Dawkins compares the coining of bright to the "triumph of consciousness-raising" from the term gay:
Gay is succinct, uplifting, positive: an "up" word, where homosexual is a down word, and queer, faggot and pooftah are insults. Those of us who subscribe to no religion; those of us whose view of the universe is natural rather than supernatural; those of us who rejoice in the real and scorn the false comfort of the unreal, we need a word of our own, a word like "gay"[,] [...] a noun hijacked from an adjective, with its original meaning changed but not too much. Like gay, it should be catchy: a potentially prolific meme. Like gay, it should be positive, warm, cheerful, bright.

Despite the explicit difference between the noun and adjective, there have been comments on the comparison. In his Wired article, Dawkins stated: "Whether there is a statistical tendency for brights (noun) to be bright (adjective) is a matter for research".

Notable people who have self-identified as brights at one time or another include: biologists Richard Dawkins and Richard J. Roberts; cognitive scientist Steven Pinker; philosophers Daniel Dennett and Massimo Pigliucci; stage magicians and debunkers James Randi and Penn & Teller; Amy Alkon; Sheldon Glashow; Babu Gogineni; Edwin Kagin; Mel Lipman; Piergiorgio Odifreddi; and Air America Radio talk show host Lionel.

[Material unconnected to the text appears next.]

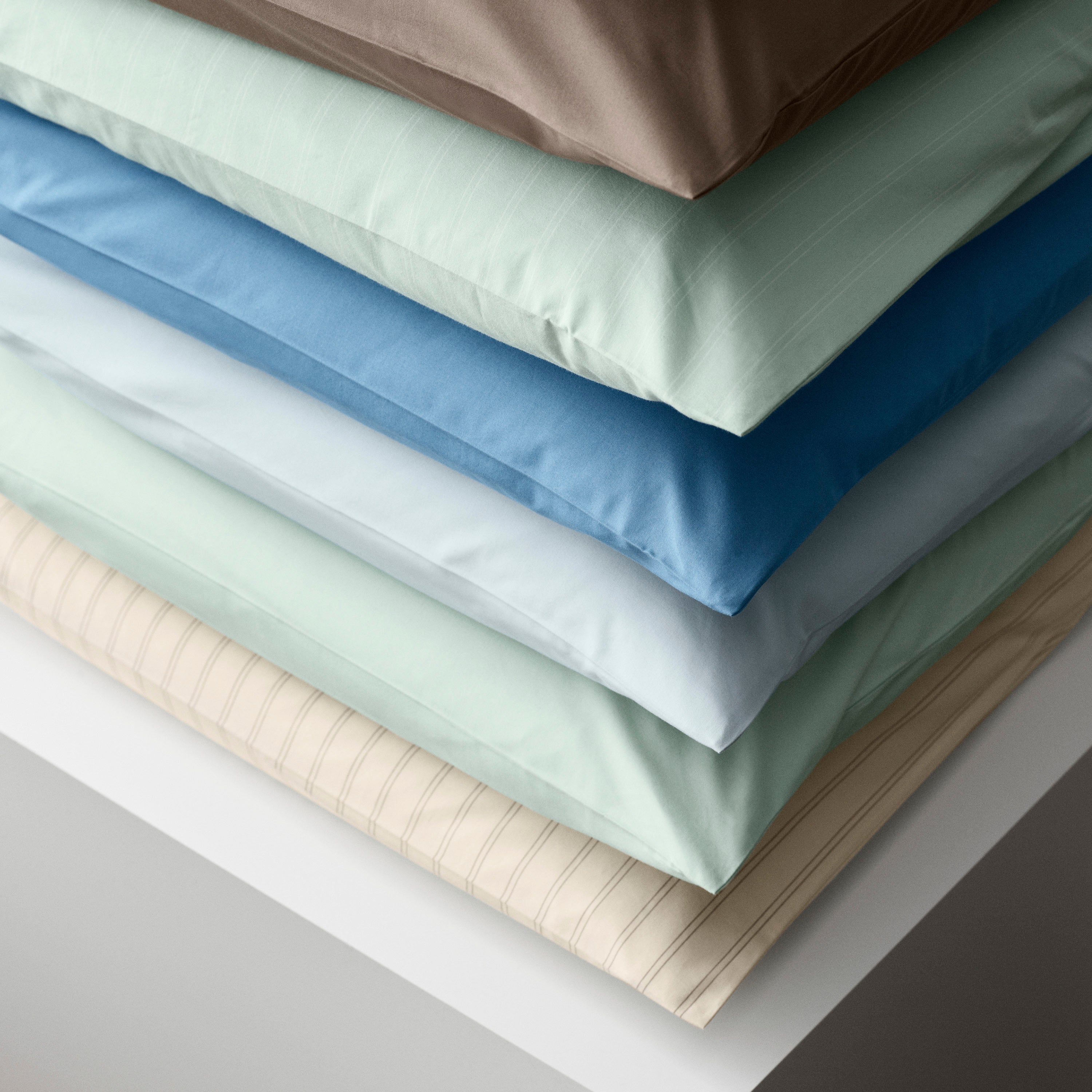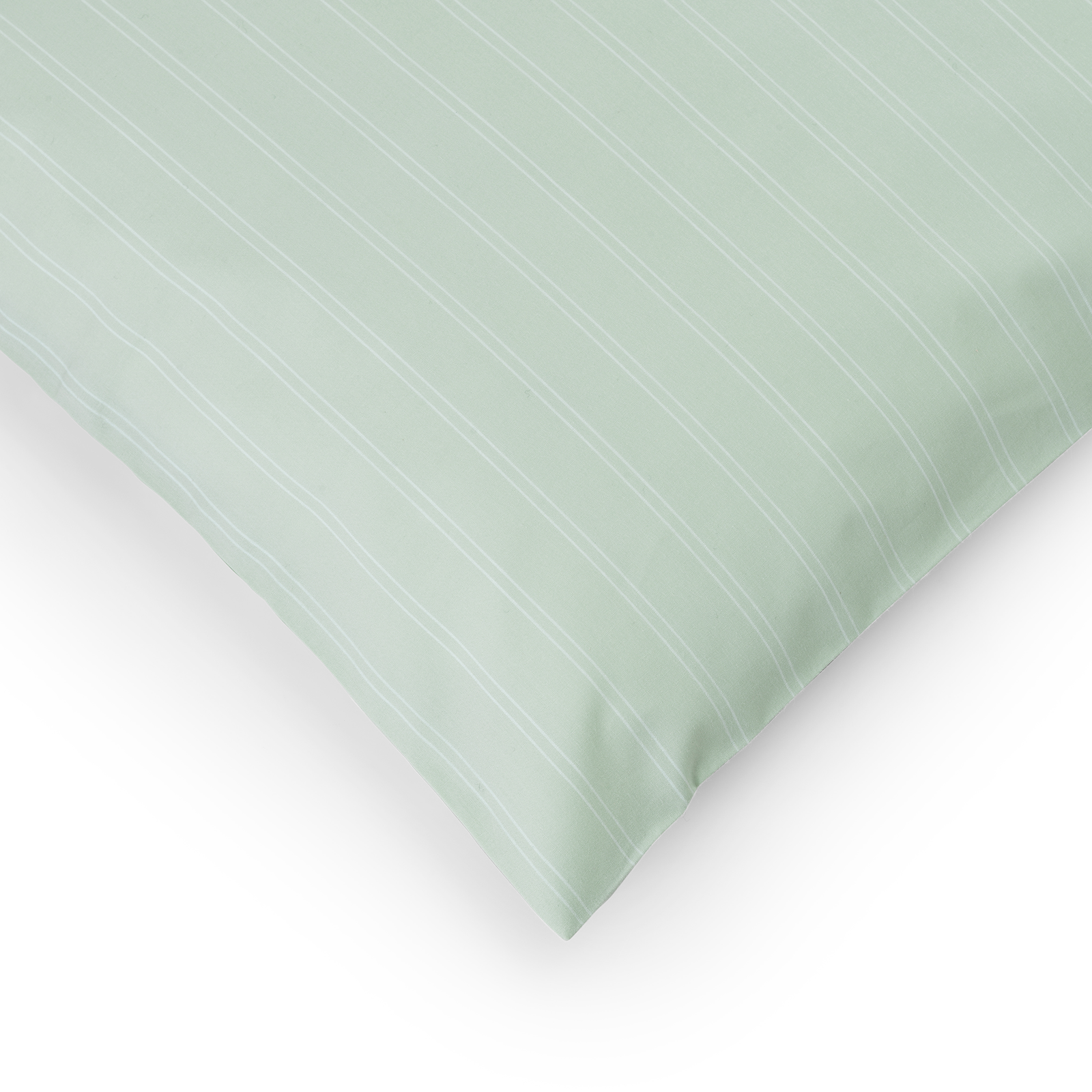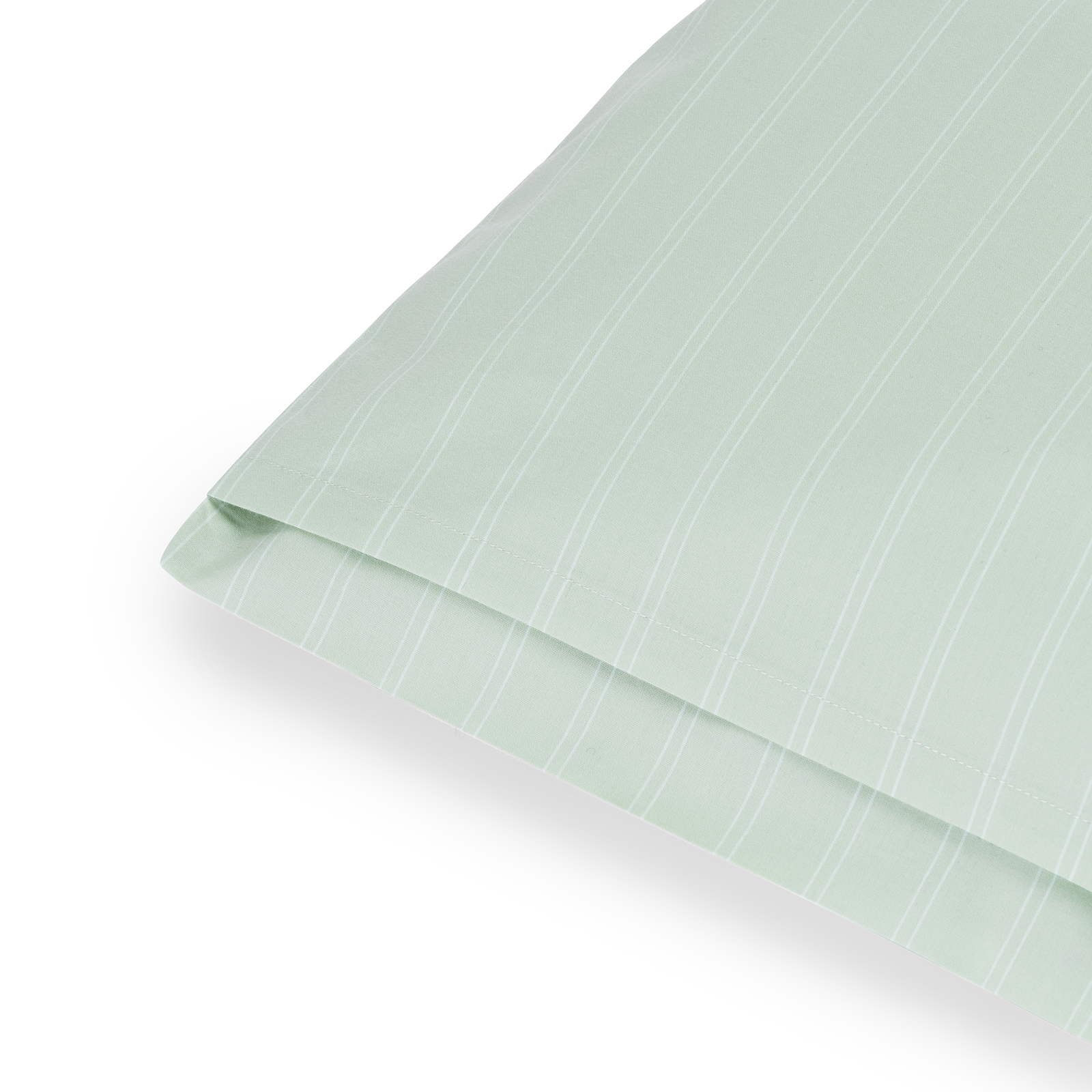 Supima Pinstripe örngott har smala, vita nålrandiga ränder med en bakgrund i färgen Glass Green – en klar grönblå nyans inspirerad av färgen på råglas.

=== Contrasted with supers ===
Daniel Dennett suggests in his book Breaking the Spell: Religion as a Natural Phenomenon that if non-naturalists are concerned with connotations of the word "Bright", then they should invent an equally positive sounding word for themselves, like "Supers" (i.e., one whose world view contains supernaturalism). He also suggested this during his presentation at the Atheist Alliance International convention in 2007. Geisert and Futrell maintain that the neologism has always had a kinship with the Enlightenment, an era which celebrated the possibilities of science and a certain amount of free inquiry. They have endorsed the use of super as the antonym to bright.

== Symbol ==
The Brights' avatar represents a celestial body viewed from space. As there is no up or down or right or left in outer space, the arrangement of planet and darkness and starlight is changeable. Although the symbol is open to the viewer's interpretation, it is generally meant to invoke transition and a sense of gradual illumination. The intentional ambiguity of the avatar is meant to symbolically reflect an important question: Is the future of humankind becoming luminous or more dim? The Brights aspire "to take the promising route, whereby the imagery brings to mind a gradually increasing illumination for this earth of ours, an escalation of enlightenment". This optimistic interpretation of the Brights' symbol is summarized by the motto "Embrightenment Now!".

== Name controversy ==
The movement has been criticised by some (both religious and non-religious) who have objected to the adoption of the title "bright" because they believe it suggests that the individuals with a naturalistic worldview are more intelligent ("brighter") than non-naturalists, such as philosophical skeptics or idealists, believers in the paranormal, philosophical theists, or the religious. For example, the Committee for Skeptical Inquiry published an article by Chris Mooney titled "Not Too 'Bright in which he stated that although he agreed with the movement, Richard Dawkins's and Daniel Dennett's "campaign to rename religious unbelievers 'brights' could use some rethinking" because of the possibility that the term would be misinterpreted. The journalist and noted atheist Christopher Hitchens likewise found it a "cringe-making proposal that atheists should conceitedly nominate themselves to be called 'brights.

In response to this, Daniel Dennett has stated:

There was also a negative response, largely objecting to the term that had been chosen [not by me]: bright, which seemed to imply that others were dim or stupid. But the term, modeled on the highly successful hijacking of the ordinary word "gay" by homosexuals, does not have to have that implication. Those who are not gays are not necessarily glum; they're straight. Those who are not brights are not necessarily dim.